The "Western Buddhist" meditative stance is arguably the most efficient way for us to fully participate in capitalist dynamics while retaining the appearance of mental sanity. If Max Weber were alive today, he would definitely write a second, supplementary, volume to his Protestant Ethic, entitled The Taoist Ethic and the Spirit of Global Capitalism.2 Western Buddhism" thus fits perfectly the fetishist mode of ideology in our allegedly "post-ideological" era, as opposed to its traditional symptomal mode in which the ideological lie which structures our perception of reality is threatened by symptoms qua "returns of the repressed," cracks in the fabric of the ideological lie. The fetish is effectively a kind of symptom in reverse. That is to say, the symptom is the exception which disturbs the surface of the false appearance, the point at which the repressed Other Scene erupts, while the fetish is the embodiment of the Lie which enables us to sustain the unbearable truth.
"Western Buddhism" is such a fetish. It enables you to fully participate in the frantic pace of the capitalist game while sustaining the perception that you are not really in it; that you are well aware of how worthless this spectacle is; and that what really matters to you is the peace of the inner Self to which you know you can always with-draw. In a further specification, one should note that the fetish can function in two opposite ways: either its role remains unconscious—as in the case of Shute's heroine who was unaware of the fetish-role of the dog—or you think that the fetish is that which really matters, as in the case of a Western Buddhist unaware that the "truth" of his existence is in fact the social involvement which he tends to dismiss as a mere game. Nowhere is this fetishist logic more evident than apropos of Tibet, one of the central references of the post-Christian "spiritual" imaginary. Today, Tibet more and more plays the role of such a fantasmatic Thing, of a jewel which, when one approaches it too much, turns into the excremental object.

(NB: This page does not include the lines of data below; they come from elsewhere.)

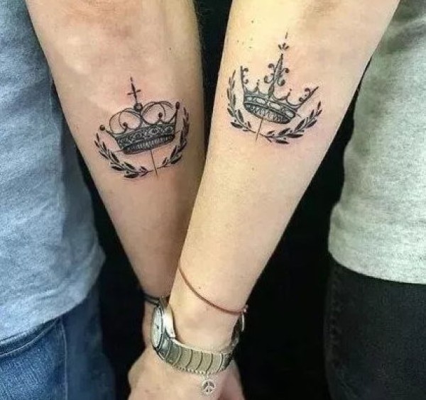 情人同款K&Q的国王皇后的皇冠纹身图案欣赏
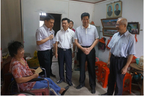 党组书记、厅长王芃(右一),党组副书记、巡视员陈英松(右二)亲切慰问贫困群众。
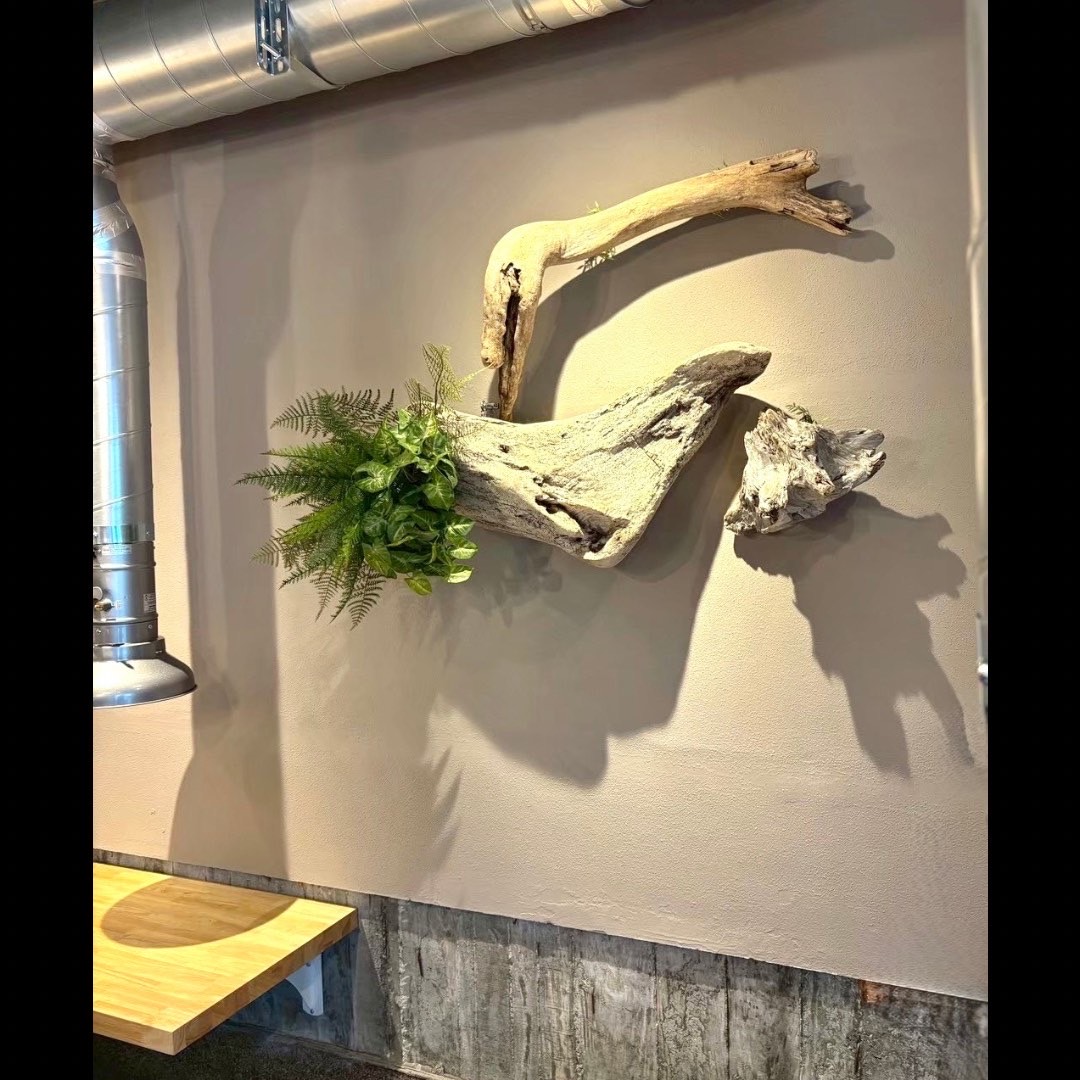 フェイクグリーンを用いた壁面装飾、流木アート、

The lesson to our followers of Tibetan Wisdom is thus that if we want to be Tibetans, we should forget about Tibet and do it here. Therein resides the ultimate paradox: The more Europeans try to penetrate the "true" Tibet, the more the very form of their endeavor undermines their goal. We should appreciate the full scope of this paradox, especially with regard to "Eurocentrism." The Tibetans were extremely self-centered: "To them, Tibet was the center of the world, the heart of civilization."